TASK DESCRIPTION
Working from the records below, repeat exactly the lines starting at the line that contains "Apai de germanar, cobebest" and ending at the line that contains "Finalment, el cronista", inclusive.

STORED DATA
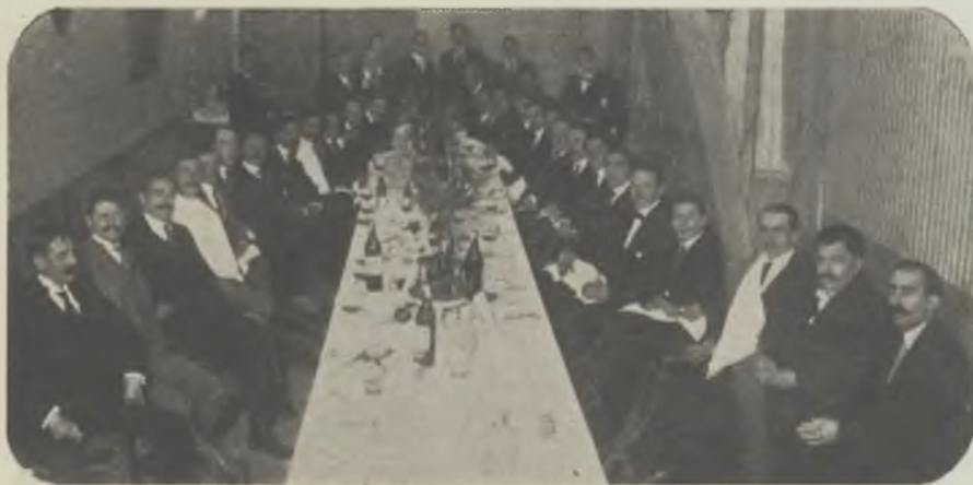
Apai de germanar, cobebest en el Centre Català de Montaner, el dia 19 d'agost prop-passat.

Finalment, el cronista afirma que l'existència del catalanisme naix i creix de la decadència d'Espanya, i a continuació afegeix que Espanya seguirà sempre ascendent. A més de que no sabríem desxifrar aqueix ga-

---

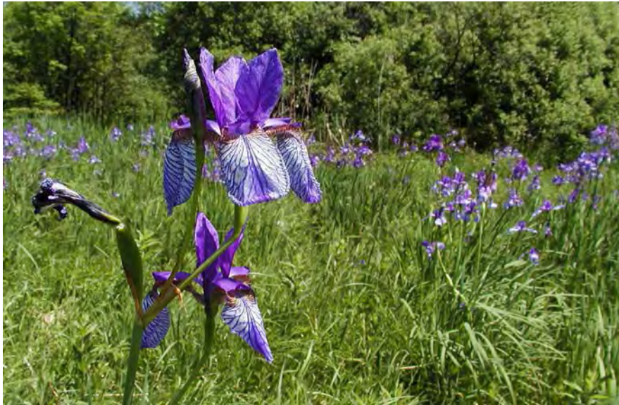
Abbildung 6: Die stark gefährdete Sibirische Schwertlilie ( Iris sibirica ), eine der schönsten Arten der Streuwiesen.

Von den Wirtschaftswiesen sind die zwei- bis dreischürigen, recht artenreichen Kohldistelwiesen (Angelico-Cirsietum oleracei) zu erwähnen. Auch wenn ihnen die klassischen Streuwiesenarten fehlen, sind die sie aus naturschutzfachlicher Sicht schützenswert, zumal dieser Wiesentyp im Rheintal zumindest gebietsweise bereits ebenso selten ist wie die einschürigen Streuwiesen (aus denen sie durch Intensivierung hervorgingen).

TASK OUTPUT
Apai de germanar, cobebest en el Centre Català de Montaner, el dia 19 d'agost prop-passat.

Finalment, el cronista afirma que l'existència del catalanisme naix i creix de la decadència d'Espanya, i a continuació afegeix que Espanya seguirà sempre ascendent. A més de que no sabríem desxifrar aqueix ga-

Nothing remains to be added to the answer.